Navigation with Large Language Models: Abstract & Introduction

This is paper is available on arxiv under CC 4.0 DEED license.

Authors:

(1) Dhruv Shah, UC Berkeley and he contributed equally;

(2) Michael Equi, UC Berkeley and he contributed equally;

(3) Blazej Osinski, University of Warsaw;

(4) Fei Xia, Google DeepMind;

(5) Brian Ichter, Google DeepMind;

(6) Sergey Levine, UC Berkeley and Google DeepMind.

Table of Links

Abstract

Navigation in unfamiliar environments presents a major challenge for robots: while mapping and planning techniques can be used to build up a representation of the world, quickly discovering a path to a desired goal in unfamiliar settings with such methods often requires lengthy mapping and exploration.
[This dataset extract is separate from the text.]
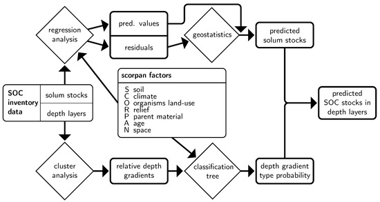 For the regionalisation of SOC stocks in the north-eastern lowlands, we started with the general methodology proposed by Kempen et al. [37]. The main accommodations to the requirements for mapping SOC in the north-eastern lowlands concern a simplified derivation of depth functions, which does not require expert-knowledge-based groupings like horizons and soil types. Additionally, we tried to facilitate the accessibility of the main factors controlling the horizontal and vertical distribution of SOC. To achieve this, we substituted soil-type-specific depth functions with data-driven clustering and split up the mapping process for the vertical and horizontal distribution of SOC with relative depth gradients. A flowchart of the methods and data involved is given in Figure 1.
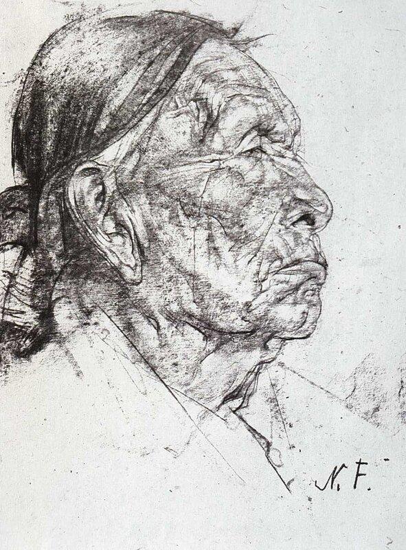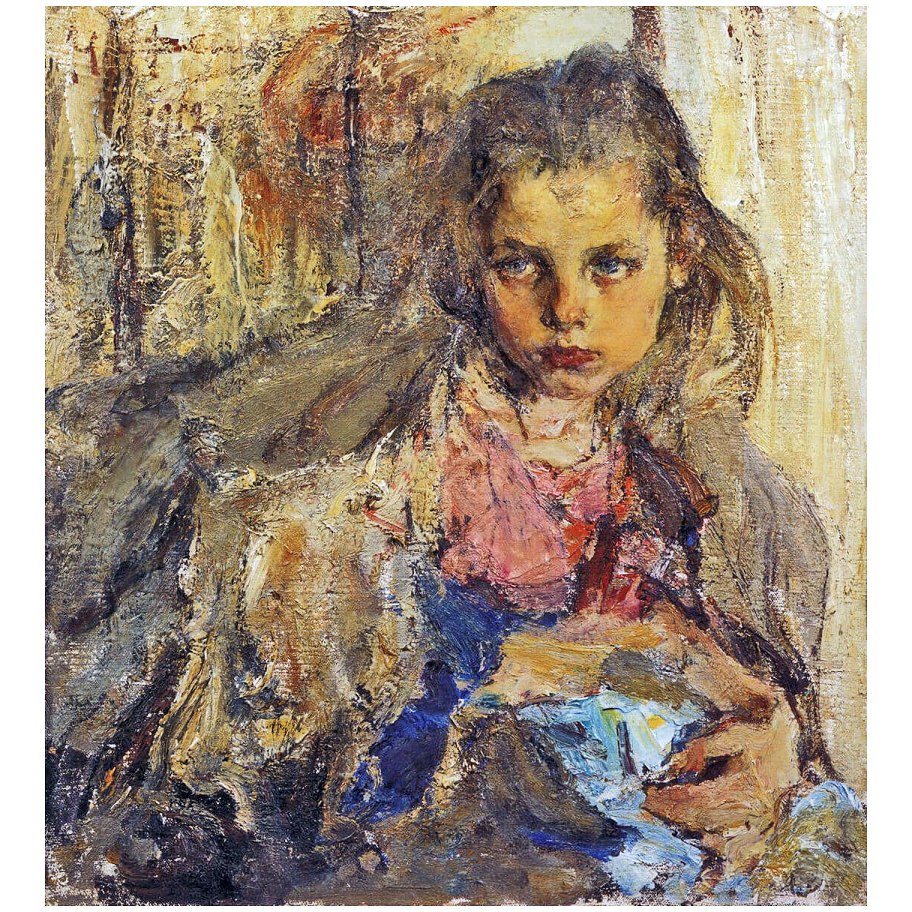 В России зверствуют голод и болезни, родители художника умирают от тифа, Николай Иванович тяжело переживает утрату. В эти годы он пишет 2 совершенно разных автопортрета. На первом (1920) - широко открытыми глазами молодой Фешин вглядывается в окружающий мир, а на втором рисунке (1921) - суровое лицо с колючим взглядом. Две кардинально противоположные работы созданы с разницей в один год...

Humans can rapidly navigate new environments, particularly indoor environments that are laid out logically, by leveraging semantics — e.g., a kitchen often adjoins a living room, an exit sign indicates the way out, and so forth. Language models can provide robots with such knowledge, but directly using language models to instruct a robot how to reach some destination can also be impractical: while language models might produce a narrative about how to reach some goal, because they are not grounded in real-world observations, this narrative might be arbitrarily wrong. Therefore, in this paper we study how the “semantic guesswork” produced by language models can be utilized as a guiding heuristic for planning algorithms. Our method, Language Frontier Guide (LFG), uses the language model to bias exploration of novel real world environments by incorporating the semantic knowledge stored in language models as a search heuristic for planning with either topological or metric maps. We evaluate LFG in challenging real-world environments and simulated benchmarks, outperforming uninformed exploration and other ways of using language models.

Keywords: navigation, language models, planning, semantic scene understanding

1 Introduction

Navigation in complex open-world environments is conventionally viewed as the largely geometric problem of determining collision-free paths that traverse the environment from one location to another. However, real-world environments possess semantics. Imagine navigating an airport to get to a terminal: your prior knowledge about the way such buildings are constructed provides extensive guidance, even if this particular airport is unfamiliar to you. Large language models (LLMs) and various language embedding techniques have been studied extensively as ways to interpret the semantics in user-specified instructions (e.g., parsing “go to the television in the living room” and grounding it in a specific spatial location), but such models can provide much more assistance in robotic navigation scenarios by capturing rich semantic knowledge about the world. For instance, when looking for a spoon in an unseen house, the LLM can produce a “narrative” explaining why going towards a dishwasher may eventually lead you to find the spoon, and that the robot should prioritize that direction. This is similar to how a person might imagine different ways that the available subgoals might lie on the path to the goal, and start exploring the one for which this ”narrative” seems most realistic. However, since language models are not grounded in the real world, such models do not know the spatial layout of the robot’s surroundings (e.g., there is a couch that the robot needs to circumnavigate). To utilize the semantic knowledge in language models to aid in embodied tasks, we should not just blindly follow the language model suggestions, but instead use them as proposals or navigational heuristics. In this paper, we study how that might be accomplished.

We study this idea in the context of visual navigation, where a robot is tasked with reaching a goal denoted by a natural language query q (see Fig. 1) in a novel environment using visual observations. The robot has no prior experience in the target environment, and must explore the environment to look for the goal. While narratives generated by an LLM may not be sufficient for navigation by themselves, they contain useful cues that can be used to inform or guide the behavior of the underlying navigation stack for the language navigation task (e.g., by choosing between collision free subgoal proposals that avoid the couch and lead to the ice tray). We show that this idea can be combined with frontier-based exploration, where the robot maintains a set of unvisited locations at its frontier, grounds them in text using a vision-language model (VLM), and scores the unvisited subgoals by using LLM reasoning.

We propose Language Frontier Guide, or LFG, a method for leveraging the reasoning capabilities of LLMs to produce a search heuristic for guiding exploration of previously unseen real-world environments, combining the strengths of search-based planning with LLM reasoning. LFG is agnostic of the memory representation and planning framework, and can be combined with both (i) a geometric navigation pipeline, building a metric map of the environment for planning and using a hand-designed controller, as well as (ii) a learning-based navigation pipeline, building a topological map for planning and using a learned control policy, yielding a versatile system for navigating to open-vocabulary natural language goals. Our experiments show that LFG can identify and predict simple patterns in previously unseen environments to accelerate goal-directed exploration. We show that LFG outperforms other LLM-based approaches for semantic goal finding in challenging real-world environments and on the Habitat ObjectNav benchmark.